Hitachi Data Systems (HDS) has launched a series of all-flash storage arrays to help enterprises adopt a software-defined approach for storage infrastructure.

Available in three models, the Hitachi Flash Storage (HFS) A series features two controllers and up to 60 SSDs in a single 2U-high tray.

The units have about 384TB of effective capacity, 1 million IOPS and will focus on customers with a particular set of use cases such as virtual desktop, virtual server and database environments.

HFS A series arrays will enable customers to protect data with copy-on-write snapshots per logical volume and create full clones of logical volumes and copy for redundancy.

The company said customers can also set quality of service (QoS) controls for maximum IOPS and bandwidth consumption per logical volume for consistent application performance.

HDS said that the next generation applications require data centres to be responsive, agile, accessible and automated, with flash storage technology helping companies in adopting software-defined approach to storage infrastructure.

HDS vice president of infrastructure platforms, solutions and cloud Miklos Sandorfi said: "Hitachi has delivered a full portfolio of optimised flash solutions bound together by a software-defined approach to storage infrastructure.

"This gives customers the ability to optimize solutions for a particular set of use cases while getting the power and efficiencies of common management, workflows and policies across their infrastructure."

In November last year, HDS introduced a new and expanded line-up of all-flash and hybrid flash arrays.

The new additions to the company’s flash portfolio include the all-flash Hitachi Virtual Storage Platform (VSP) F Series, enhanced models of the Hitachi VSP G series, next-gen Hitachi flash modules with inline data compression (FMD DC2) and improved Hitachi Automation Director and Data Center Analytics tools.

Hitachi delivers a range of flash solutions and services to accelerate the IT infrastructure.
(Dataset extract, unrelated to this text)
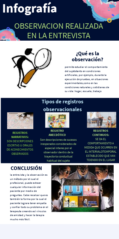 la entrevista y la observación es un método por el cual el profesional, puede extraer cualquier información del paciente por medio de preguntas. Cabe recalcar que es también la forma por la cual el paciente lograra tener empatía y confiar todo su problema en el terapeuta creando así vínculos de amistad y hacer la terapia mucho más fácil.
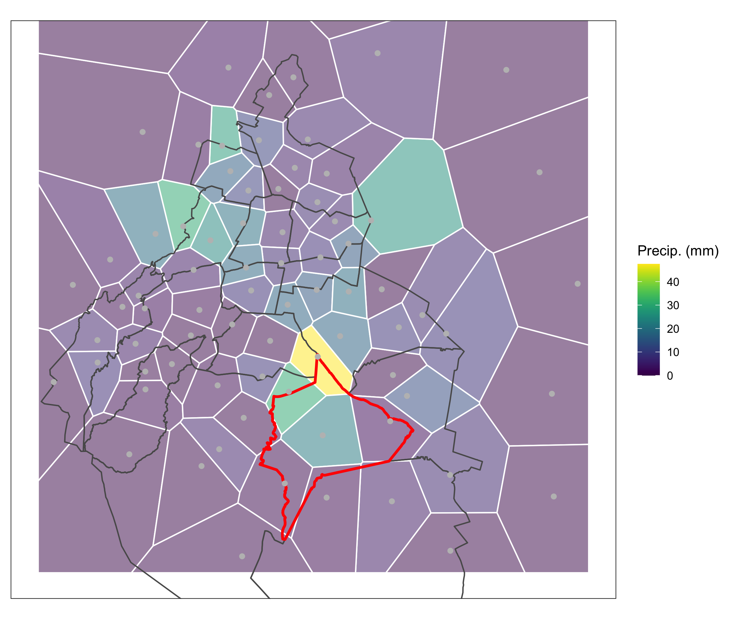 Currently, SACMEX produces a report using two methodologies: (i) ordinary kriging to obtain isohyets and produce rainfall visualizations; (ii) the Thiessen polygon method to obtain the average precipitation (mm) calculated for the entire city and for the municipalities. The use of two methodologies can lead to inconsistencies in the reporting. Moreover, the Thiessen polygon method makes it difficult to automatize the reporting.

The company’s flash technology helps users improve the performance of business-critical applications by eliminating storage bottlenecks and consistently delivering sub-millisecond response.

The company’s software-defined flash solutions give users the building blocks required to implement the data centre infrastructure that their business demands.

Since 2008, HDS has shipped over 250PB of total flash capacity. The company’s patent portfolio has more than 350 flash-related IP claims.